Мужик хмыкнул и дал за никчемные блестяшки полбулки хлеба, три
луковицы и даже кулечек соевых конфет. Потом отозвал Витьку в сторону и
о чем - то с ним пошептался. Клаве он не понравился: глаз плохой и запах
,как от мужа бывшего, лука и самогона
Когда они вернулись домой, Витька поставил чайник на буржуйку и, весело
засмеявшись, сказал: «Сейчас торт будем есть!»
Клава вспомнила, что такое торт. Большой Елисеевский магазин, брат и
сноха показывают ей, где можно покупать красную икру и шоколадные
конфеты. Там и торт они купили. Торт был жирный, сладкий, и потом Клаву
полночи тошнило.
Витькин торт был вкуснее намного: тонкий ломтик хлеба и конфетка сверху.
Кипяток приятно согревал живот.
Утром она увидела, что дверь соседской комнаты открыта, внутри был
беспорядок и на полу валялись какие- то чулки, сумочки.
А Витька исчез. Клава выходила из подъезда, вдыхая влажный весенний
воздух, громко кричала: «Витька, Витька!»
6
Так и пропал Витька. Клава грозила городу желтым сухоньким кулачком и,
кусая обветренные губы, плакала тихо и без слез.
Потом пришли какие-то женщины и позвали шить рукавицы и ушанки в
бывшем детском саду. Управляться машинкой она не умела, но очень ловко
владела иглой. Из взятых из дома одеял она кроила и сшивала такие
рукавицы, что шов был крепче и лучше даже, чем на машинке. Сидели в
подвале, не видя солнца.
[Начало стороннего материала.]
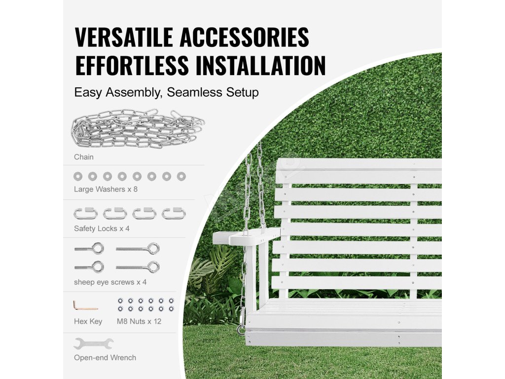 Montáž drevenej verandovej hojdačky VEVOR je jednoduchá. Všetok potrebný hardvér a reťaze sú súčasťou balenia. Reťaze sú odolné, čo zvyšuje celkovú pevnosť hojdačky. Vďaka jasným pokynom ju rýchlo zostavíte. Aj bez podrobného návodu je proces montáže intuitívny. Vďaka tomu ju môže pohodlne zostaviť každý. Jej jednoduchá montáž znamená, že si hojdačku užijete skôr. Pevné a spoľahlivé reťaze zaisťujú bezpečnosť používania. Dôverujte kvalite dodávaných materiálov.
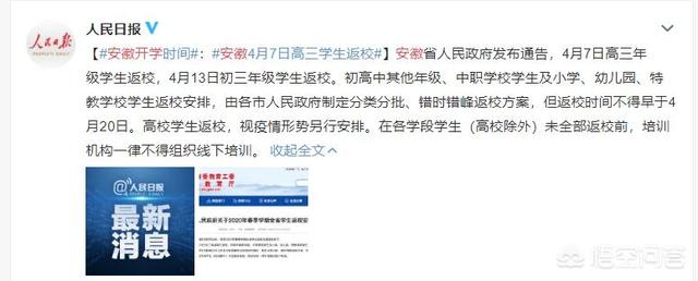 昨晚,安徽省人民政府发布 2020年春季学期全省学生返校安排通告:

И она потеряла счет времени.
Потом в один день ей приснились Витька и Огонек, они шли по цветущей
весенней тундре, все вместе. Клава очнулась и ужасно испугалась. А вдруг
Витька вернулся, а дома не топлено, карточек у него нет, а она, Клава,
сухарика даже мальчишке не оставила? Отпросившись у бригадира, женщина
отравилась домой. Улицы без снега стали неузнаваемыми, Клава долго
плутала среди развалин, пока нашла свой дом. Он был цел, квартира пуста.
Она упала на кровать и уснула. Спала долго, до ломоты в костях.
Разбудил ее топот сапог и звериный стон.
В комнату к ней ворвался Витька и мужик с барахолки, тот самый, сутулый.
Взрослый был ранен, Витька улыбнулся Клаве железным зубом, старившим
его юное лицо, и прошептал: «Тетка, не выдай».
Сутулый держался руками за живот, на пол сквозь пальцы капала кровь,
Витька затолкал подельника в кладовку и, схватив Клавины рукавицы, стал
затирать кровь на полу.
В подъезде снова затопали сапоги. В дверь застучали прикладом, и в
квартиру зашел патруль.
Старший патрульный был не намного старше Витьки.
Такой беленький, чистенький мальчик.
Мальчик-патрульный шагнул к кладовке.
Клаве вспомнился взгляд глаз сутулого, так смотрят собаки и песцы, когда
их одолевает бешенство. В них нет страха и жалости.
Клава закричала и успела заслонить собой юного милиционера от финки
бандита. Хорошо, что это был короткий нож, мех кухлянки защитил
женщину. Раздался сухой выстрел, и бандит упал.
-Тетенька, тетенька, – закричал Витька, – не умирай!».
Потом его увели, он долго оглядывался, и Клаве долго снились его
заплаканные, черные глаза.
Она пошла к бригадиру, и та отвела ее в отделение милиции. Витьку отдали
Клаве на поруки. Он научился ремонтировать сначала машинки, потом
ушел на завод и там стал мастером. Любые станки слушались его рук.
А весной он пришел и принес Клаве свою рабочую карточку.
А она снова ушла в зоопарк, работы было много: распахивать все свободные
места в зоосаде, садить огороды. И хоть черепаха Клара так и не проснулась
и олешков в зоопарке не было, Клава была счастлива, видя, как приходят
изможденные ленинградцы в зоосад. Город выжил, и она, как и вся страна,
верила: Ленинград будет жить!!!
7
«Удивительно, однако Ленинградский зоопарк закрывался только зимой 4142-х гг. Уже весной обессиленные сотрудники расчищали дорожки и чинили
вольеры, чтобы летом пустить первых посетителей. Выставлялись 162
животных. За лето на них пришло посмотреть около 7400 ленинградцев, что
доказывало необходимость такого мирного учреждения в те страшные годы».